→ **AVAILABLE DATA**
========================

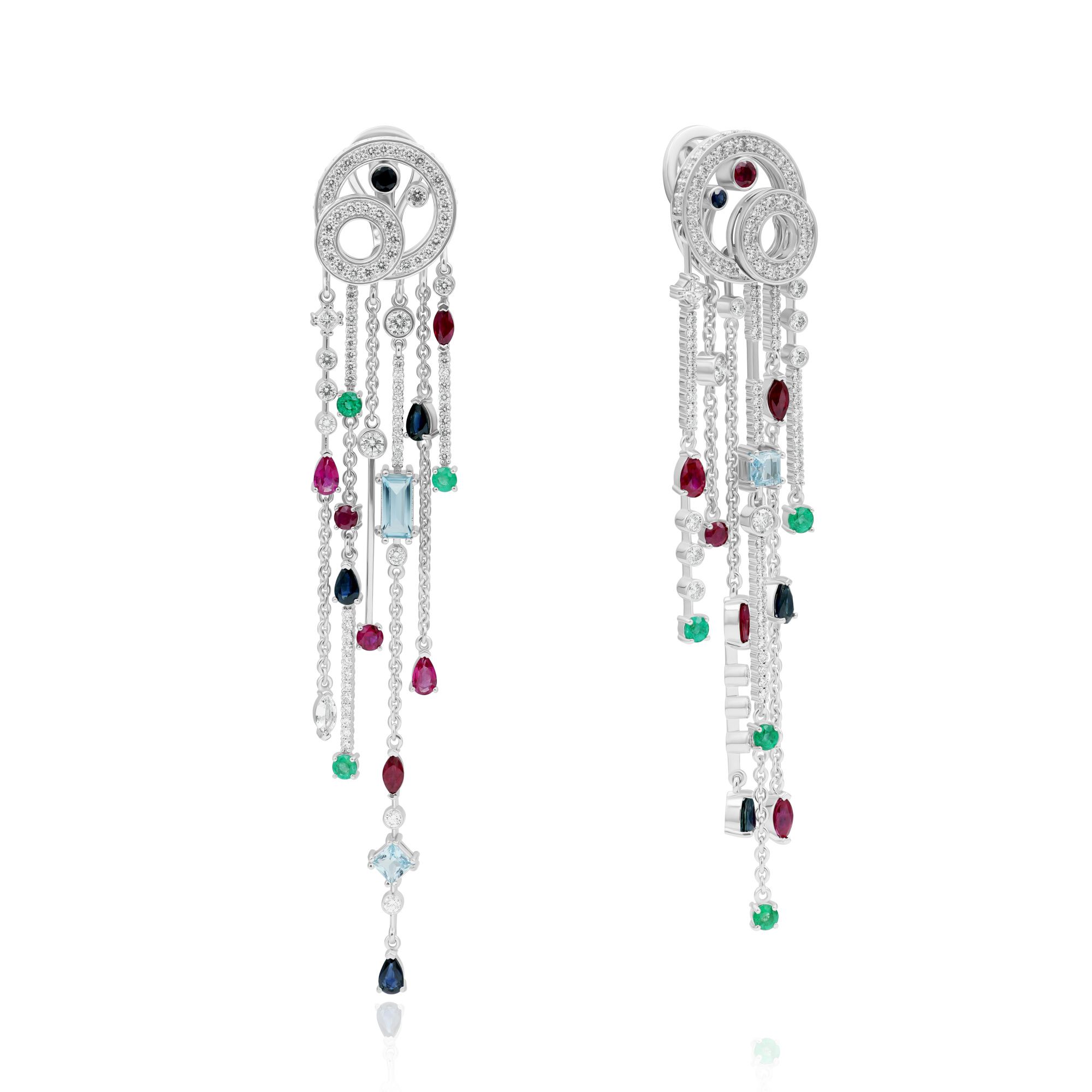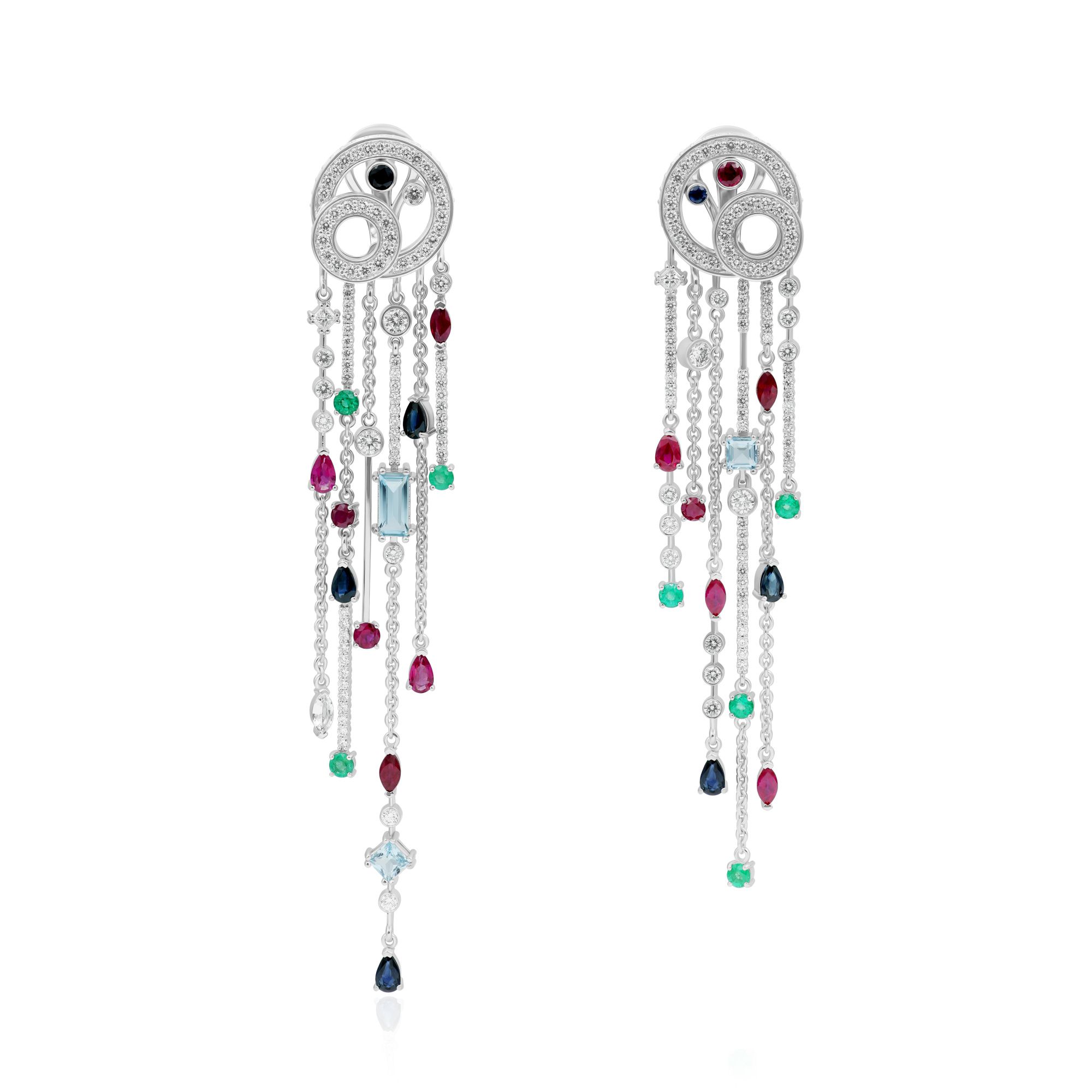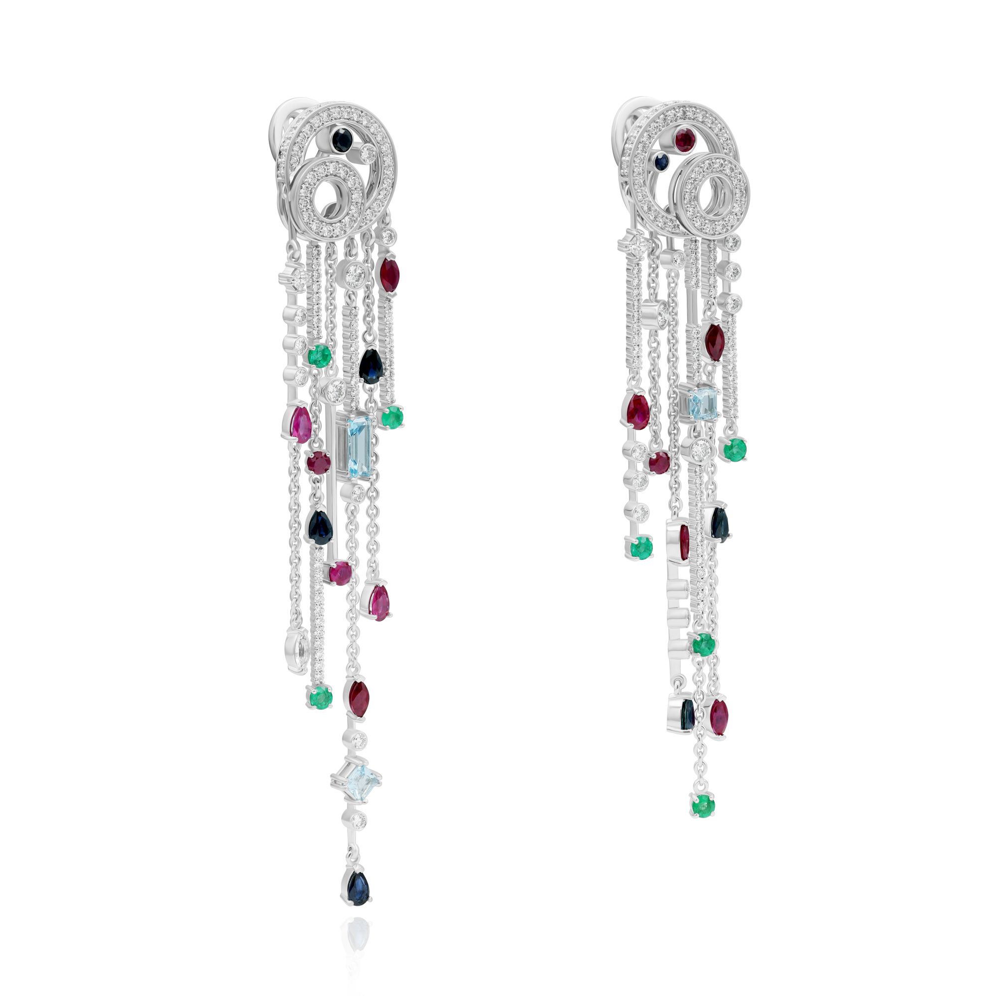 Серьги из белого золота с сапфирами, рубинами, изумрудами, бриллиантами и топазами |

========================

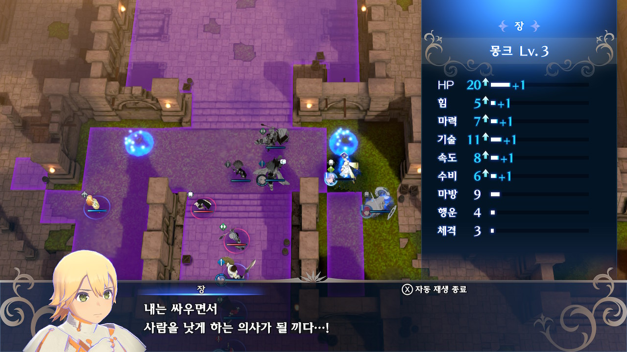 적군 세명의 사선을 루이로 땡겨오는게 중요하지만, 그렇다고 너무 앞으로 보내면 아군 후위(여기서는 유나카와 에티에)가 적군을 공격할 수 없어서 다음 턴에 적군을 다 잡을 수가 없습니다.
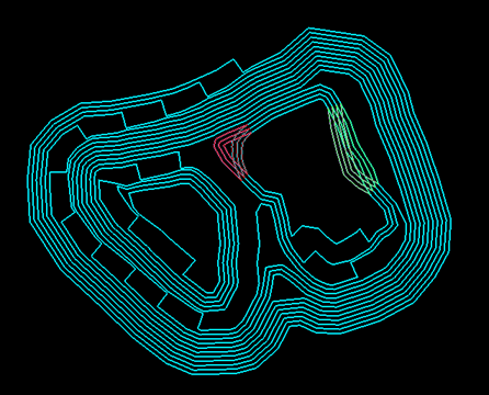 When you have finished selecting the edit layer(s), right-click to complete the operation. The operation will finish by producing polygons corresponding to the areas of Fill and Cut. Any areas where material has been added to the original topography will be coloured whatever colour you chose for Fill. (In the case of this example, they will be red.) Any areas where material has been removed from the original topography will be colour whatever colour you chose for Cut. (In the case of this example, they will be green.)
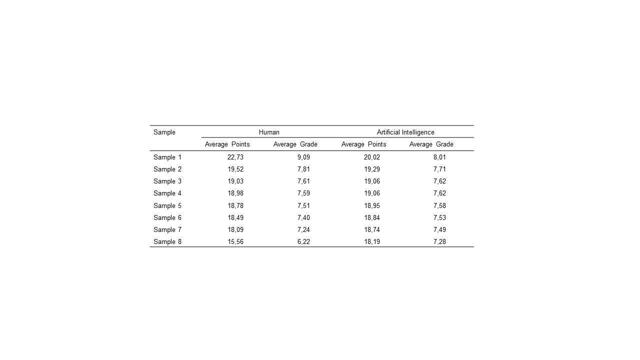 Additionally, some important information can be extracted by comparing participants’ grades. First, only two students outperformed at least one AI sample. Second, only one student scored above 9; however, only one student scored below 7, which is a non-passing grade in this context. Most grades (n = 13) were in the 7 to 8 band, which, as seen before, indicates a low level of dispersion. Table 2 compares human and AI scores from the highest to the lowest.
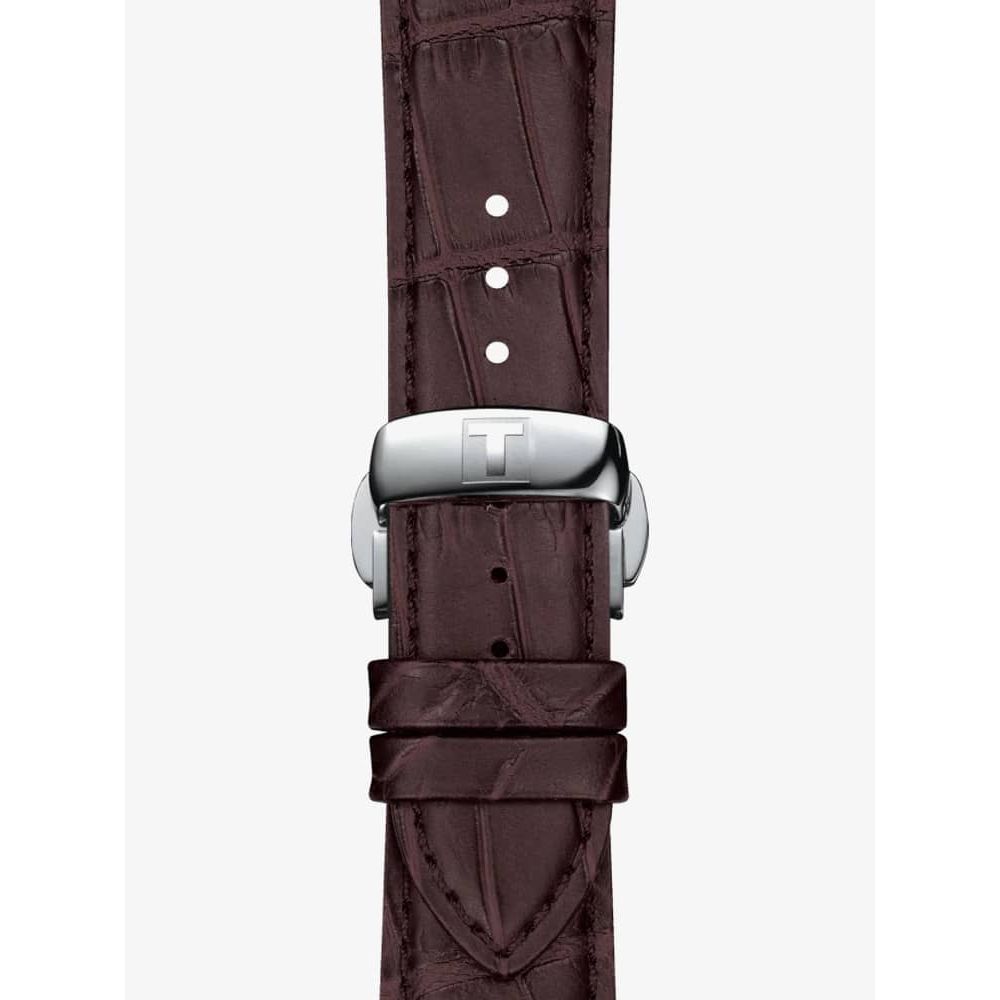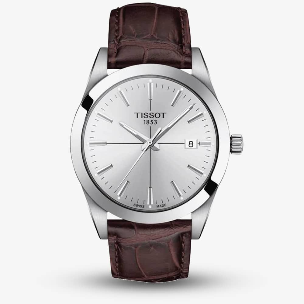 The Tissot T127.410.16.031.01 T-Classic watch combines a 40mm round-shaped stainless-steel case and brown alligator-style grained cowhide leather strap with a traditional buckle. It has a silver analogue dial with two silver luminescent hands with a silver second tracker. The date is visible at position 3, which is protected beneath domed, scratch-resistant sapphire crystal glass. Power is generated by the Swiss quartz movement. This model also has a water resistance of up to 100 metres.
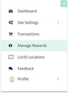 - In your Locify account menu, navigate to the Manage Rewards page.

========================

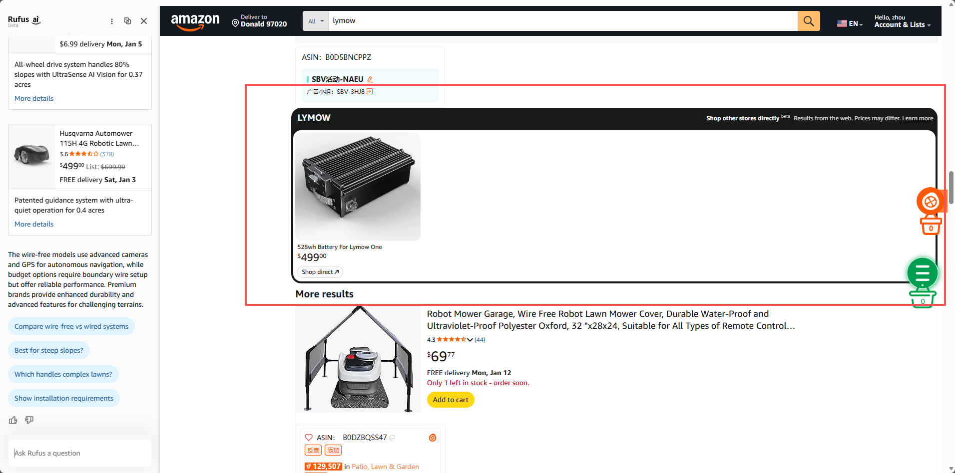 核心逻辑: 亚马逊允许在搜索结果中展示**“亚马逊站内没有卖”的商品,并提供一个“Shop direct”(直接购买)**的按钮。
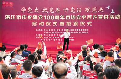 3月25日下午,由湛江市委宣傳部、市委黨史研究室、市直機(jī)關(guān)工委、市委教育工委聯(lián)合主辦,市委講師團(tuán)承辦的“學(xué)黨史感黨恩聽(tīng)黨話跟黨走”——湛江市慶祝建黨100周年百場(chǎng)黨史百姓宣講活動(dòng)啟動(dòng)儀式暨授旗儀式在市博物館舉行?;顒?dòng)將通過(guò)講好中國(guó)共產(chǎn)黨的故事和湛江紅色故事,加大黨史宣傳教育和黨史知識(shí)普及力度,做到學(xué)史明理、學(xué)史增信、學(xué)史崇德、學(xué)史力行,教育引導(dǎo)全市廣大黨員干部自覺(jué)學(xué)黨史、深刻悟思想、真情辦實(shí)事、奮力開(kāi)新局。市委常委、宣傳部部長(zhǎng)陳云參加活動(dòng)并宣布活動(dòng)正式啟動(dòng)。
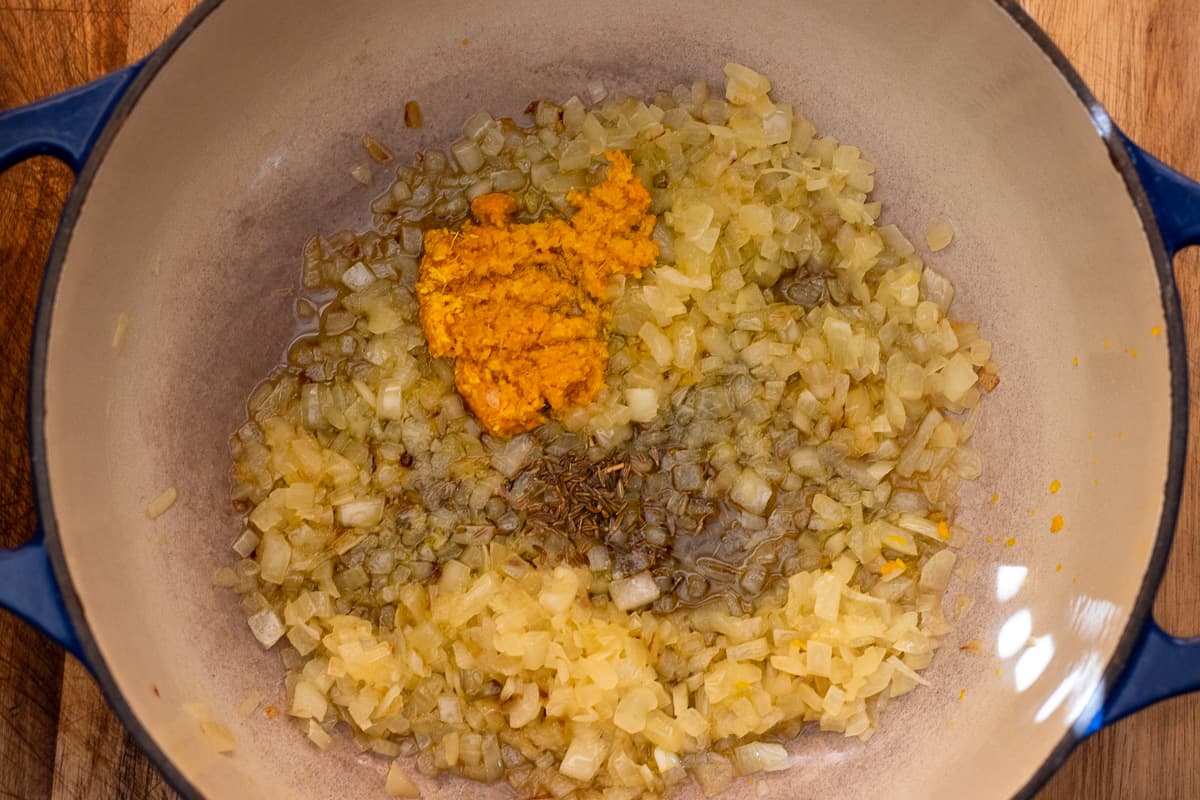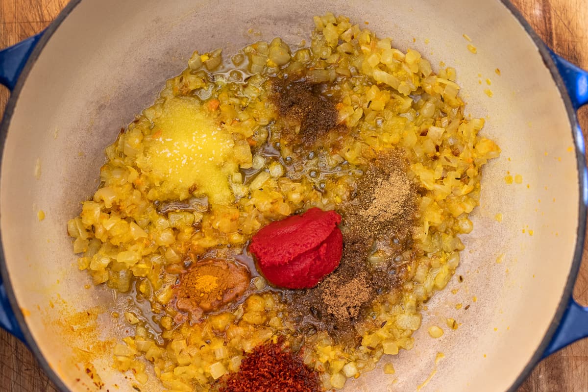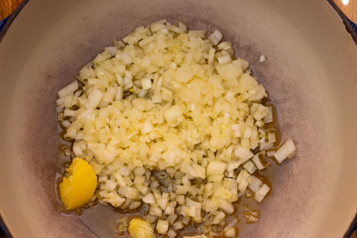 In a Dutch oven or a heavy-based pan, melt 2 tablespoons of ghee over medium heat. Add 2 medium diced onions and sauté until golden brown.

========================

→ **WHAT YOU ARE ASKED TO DO**
Extract from the material above the stretch running from the line containing "The Tissot T127.410.16.031.01" through the line containing "- In your Locify". Keep the text exact and the pictures out.

→ **RESPONSE**
 The Tissot T127.410.16.031.01 T-Classic watch combines a 40mm round-shaped stainless-steel case and brown alligator-style grained cowhide leather strap with a traditional buckle. It has a silver analogue dial with two silver luminescent hands with a silver second tracker. The date is visible at position 3, which is protected beneath domed, scratch-resistant sapphire crystal glass. Power is generated by the Swiss quartz movement. This model also has a water resistance of up to 100 metres.
 - In your Locify account menu, navigate to the Manage Rewards page.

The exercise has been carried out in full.